Francis Jackson (1789–1861) was an abolitionist in Boston, Massachusetts. He was president of the Massachusetts Anti-Slavery Society for many years, was also president of the New England Anti-Slavery Conventions, and vice president of the American Anti-Slavery Society. He was also affiliated with the Boston Female Anti-Slavery Society and the Boston Vigilance Committee. He worked for the South Cove Corporation, filling in land in Boston's South End in the 1830s.

==Biography==

Jackson was born in Newton, Massachusetts to Timothy Jackson (1756–1814), who fought in the American Revolutionary War and later built the Jackson Homestead in Newton. Siblings included Edmund Jackson, George Jackson, Stephen Jackson, Lucretia Jackson, and politician William Jackson, who was also against slavery.

Francis Jackson served on the Boston City Council in 1823–1824 (common council, Ward 12) and 1826 (alderman). In 1832 he held the position of "Land Commissioner" for the city of Boston. He lived on Washington Street (c. 1823), Tremont Street (c. 1832) and Hollis Street (c. 1848–1861).

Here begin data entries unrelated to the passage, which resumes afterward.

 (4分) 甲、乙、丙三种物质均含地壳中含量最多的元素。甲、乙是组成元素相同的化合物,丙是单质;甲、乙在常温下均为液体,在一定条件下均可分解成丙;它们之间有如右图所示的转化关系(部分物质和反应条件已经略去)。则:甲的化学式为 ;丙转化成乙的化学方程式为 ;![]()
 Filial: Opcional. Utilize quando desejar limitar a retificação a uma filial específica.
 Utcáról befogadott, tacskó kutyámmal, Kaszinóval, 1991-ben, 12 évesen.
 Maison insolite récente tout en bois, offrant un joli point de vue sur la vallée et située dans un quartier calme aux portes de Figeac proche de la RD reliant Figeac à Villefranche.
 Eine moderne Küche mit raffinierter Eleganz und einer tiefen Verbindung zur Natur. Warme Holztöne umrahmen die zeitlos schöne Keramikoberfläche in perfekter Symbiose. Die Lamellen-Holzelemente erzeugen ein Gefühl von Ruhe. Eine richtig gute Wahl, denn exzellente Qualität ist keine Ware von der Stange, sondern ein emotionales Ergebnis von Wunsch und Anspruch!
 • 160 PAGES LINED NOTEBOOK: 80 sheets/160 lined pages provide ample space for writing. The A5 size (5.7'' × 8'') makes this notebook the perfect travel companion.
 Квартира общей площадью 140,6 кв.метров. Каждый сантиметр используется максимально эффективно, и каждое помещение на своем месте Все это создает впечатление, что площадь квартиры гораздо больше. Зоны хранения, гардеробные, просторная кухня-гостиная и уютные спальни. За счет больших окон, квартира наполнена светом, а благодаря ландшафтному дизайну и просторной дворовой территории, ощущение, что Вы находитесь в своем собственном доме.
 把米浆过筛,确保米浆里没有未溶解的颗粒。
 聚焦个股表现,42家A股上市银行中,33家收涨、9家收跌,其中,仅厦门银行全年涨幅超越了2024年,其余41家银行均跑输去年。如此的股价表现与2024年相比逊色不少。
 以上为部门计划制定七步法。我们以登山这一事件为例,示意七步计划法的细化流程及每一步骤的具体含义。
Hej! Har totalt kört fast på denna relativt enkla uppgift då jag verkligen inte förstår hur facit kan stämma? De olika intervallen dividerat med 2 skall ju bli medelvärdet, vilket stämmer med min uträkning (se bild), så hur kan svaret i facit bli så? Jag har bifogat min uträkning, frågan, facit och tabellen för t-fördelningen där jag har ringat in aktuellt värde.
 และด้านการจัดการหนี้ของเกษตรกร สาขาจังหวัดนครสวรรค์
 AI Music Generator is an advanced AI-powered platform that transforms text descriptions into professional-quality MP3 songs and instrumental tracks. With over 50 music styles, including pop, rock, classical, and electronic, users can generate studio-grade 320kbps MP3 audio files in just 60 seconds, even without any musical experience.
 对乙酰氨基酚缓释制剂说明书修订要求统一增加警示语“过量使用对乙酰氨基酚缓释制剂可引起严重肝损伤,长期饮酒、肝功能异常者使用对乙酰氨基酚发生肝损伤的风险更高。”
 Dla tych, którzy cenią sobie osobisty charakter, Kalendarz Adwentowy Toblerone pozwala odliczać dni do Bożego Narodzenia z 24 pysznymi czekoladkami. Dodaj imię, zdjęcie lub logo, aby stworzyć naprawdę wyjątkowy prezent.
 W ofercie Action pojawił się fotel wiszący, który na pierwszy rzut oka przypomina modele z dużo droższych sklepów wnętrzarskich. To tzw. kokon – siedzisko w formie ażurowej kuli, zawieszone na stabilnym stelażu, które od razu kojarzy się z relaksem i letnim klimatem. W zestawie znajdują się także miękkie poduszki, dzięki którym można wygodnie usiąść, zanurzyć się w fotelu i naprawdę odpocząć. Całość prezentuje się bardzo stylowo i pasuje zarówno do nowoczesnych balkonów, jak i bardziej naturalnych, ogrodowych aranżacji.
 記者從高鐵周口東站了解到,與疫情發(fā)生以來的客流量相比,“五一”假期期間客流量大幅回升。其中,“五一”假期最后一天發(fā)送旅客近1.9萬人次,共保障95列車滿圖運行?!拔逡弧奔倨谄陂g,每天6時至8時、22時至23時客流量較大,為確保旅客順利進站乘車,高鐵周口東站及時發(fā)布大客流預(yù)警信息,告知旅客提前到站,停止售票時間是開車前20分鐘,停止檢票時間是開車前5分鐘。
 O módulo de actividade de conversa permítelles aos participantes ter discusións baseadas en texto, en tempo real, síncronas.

He worked for the South Cove Corporation c. 1833–1840. In Boston "by 1830 the population had increased so much that it was felt that the time had come when more room was needed, and soon afterwards the first grand real estate enterprise was inaugurated by the filling up of the South Cove. The company was chartered Jan. 31st, 1833, and $415,000 (~$ in ) was subscribed. The work was begun May 3rd, 1834, under the management of Mr. Francis Jackson, and finished in November 1837. Seventy-seven acres of good land were thus added."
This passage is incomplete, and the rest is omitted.